--- Exercise data ---
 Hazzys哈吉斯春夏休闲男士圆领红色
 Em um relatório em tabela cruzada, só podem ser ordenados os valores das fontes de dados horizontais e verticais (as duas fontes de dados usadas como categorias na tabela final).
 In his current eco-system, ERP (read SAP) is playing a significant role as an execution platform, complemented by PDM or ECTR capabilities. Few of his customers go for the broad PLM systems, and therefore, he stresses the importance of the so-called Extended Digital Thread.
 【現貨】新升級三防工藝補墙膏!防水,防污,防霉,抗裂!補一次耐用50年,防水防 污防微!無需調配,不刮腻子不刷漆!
* * *
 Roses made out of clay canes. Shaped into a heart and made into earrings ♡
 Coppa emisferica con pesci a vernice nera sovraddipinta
* * *
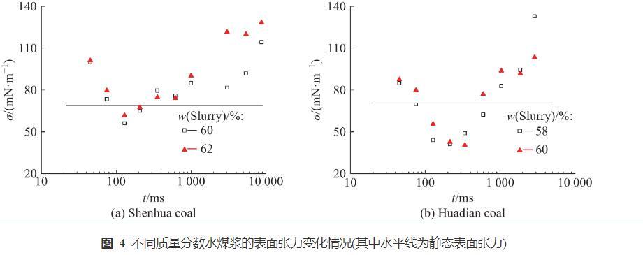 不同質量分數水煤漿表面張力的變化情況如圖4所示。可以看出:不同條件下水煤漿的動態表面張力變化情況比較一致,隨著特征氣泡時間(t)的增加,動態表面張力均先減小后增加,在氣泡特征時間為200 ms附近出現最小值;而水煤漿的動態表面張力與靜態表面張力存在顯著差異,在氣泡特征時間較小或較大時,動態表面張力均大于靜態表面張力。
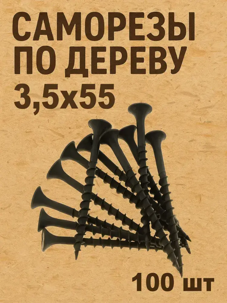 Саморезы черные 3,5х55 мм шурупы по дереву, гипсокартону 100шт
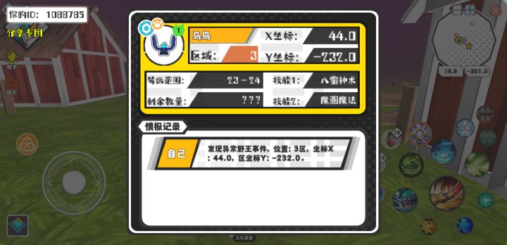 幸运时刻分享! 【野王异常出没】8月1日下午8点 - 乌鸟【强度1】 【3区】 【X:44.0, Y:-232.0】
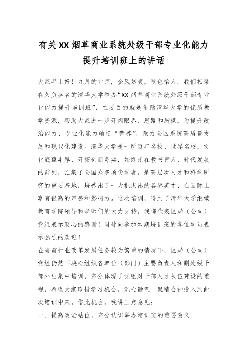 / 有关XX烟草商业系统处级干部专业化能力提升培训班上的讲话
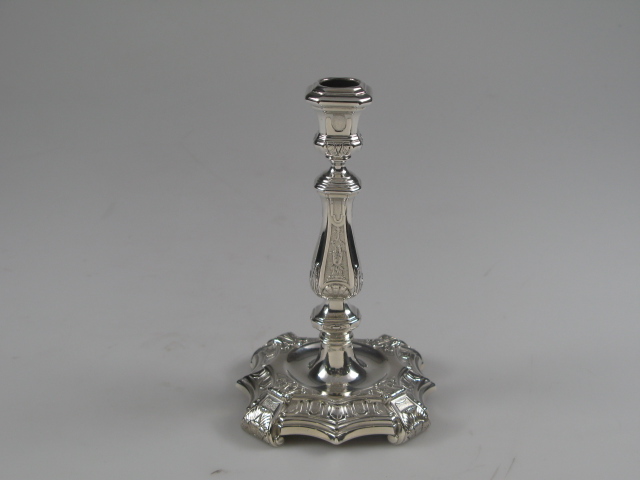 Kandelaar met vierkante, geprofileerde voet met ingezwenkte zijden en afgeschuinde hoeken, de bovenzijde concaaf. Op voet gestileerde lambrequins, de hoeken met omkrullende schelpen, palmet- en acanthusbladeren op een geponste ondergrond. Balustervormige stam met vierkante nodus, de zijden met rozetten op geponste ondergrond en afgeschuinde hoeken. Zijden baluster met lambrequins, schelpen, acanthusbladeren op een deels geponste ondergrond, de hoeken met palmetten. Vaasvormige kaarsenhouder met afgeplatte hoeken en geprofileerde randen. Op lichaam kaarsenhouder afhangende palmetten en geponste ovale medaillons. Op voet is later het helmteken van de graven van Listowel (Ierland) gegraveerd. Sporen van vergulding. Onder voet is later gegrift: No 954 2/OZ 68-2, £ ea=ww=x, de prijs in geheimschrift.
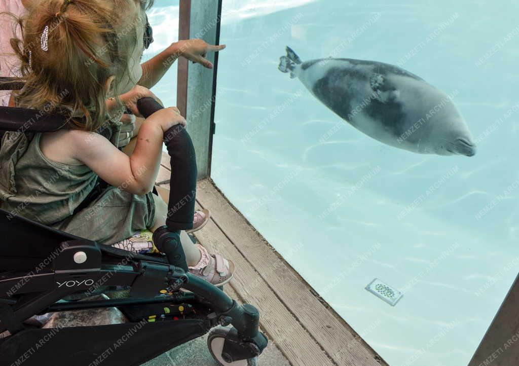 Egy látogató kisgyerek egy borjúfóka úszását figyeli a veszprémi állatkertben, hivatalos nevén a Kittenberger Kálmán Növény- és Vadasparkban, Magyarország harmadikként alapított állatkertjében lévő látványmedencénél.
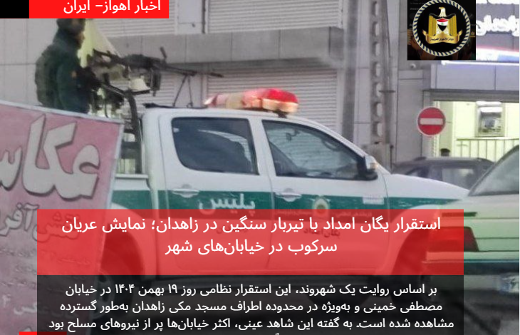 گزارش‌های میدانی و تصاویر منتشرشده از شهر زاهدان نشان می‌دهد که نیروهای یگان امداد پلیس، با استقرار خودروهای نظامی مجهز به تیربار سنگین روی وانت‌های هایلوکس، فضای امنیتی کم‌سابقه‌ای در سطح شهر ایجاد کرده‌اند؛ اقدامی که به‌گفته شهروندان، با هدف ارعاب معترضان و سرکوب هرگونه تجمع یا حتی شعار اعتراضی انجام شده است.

--- Exercise instructions ---
What do the lines above say from the one containing "Hazzys哈吉斯春夏休闲男士圆领红色" down to the one containing "Em um relatório"? Return them exactly, both end lines included, and only them.

--- Written response ---
 Hazzys哈吉斯春夏休闲男士圆领红色
 Em um relatório em tabela cruzada, só podem ser ordenados os valores das fontes de dados horizontais e verticais (as duas fontes de dados usadas como categorias na tabela final).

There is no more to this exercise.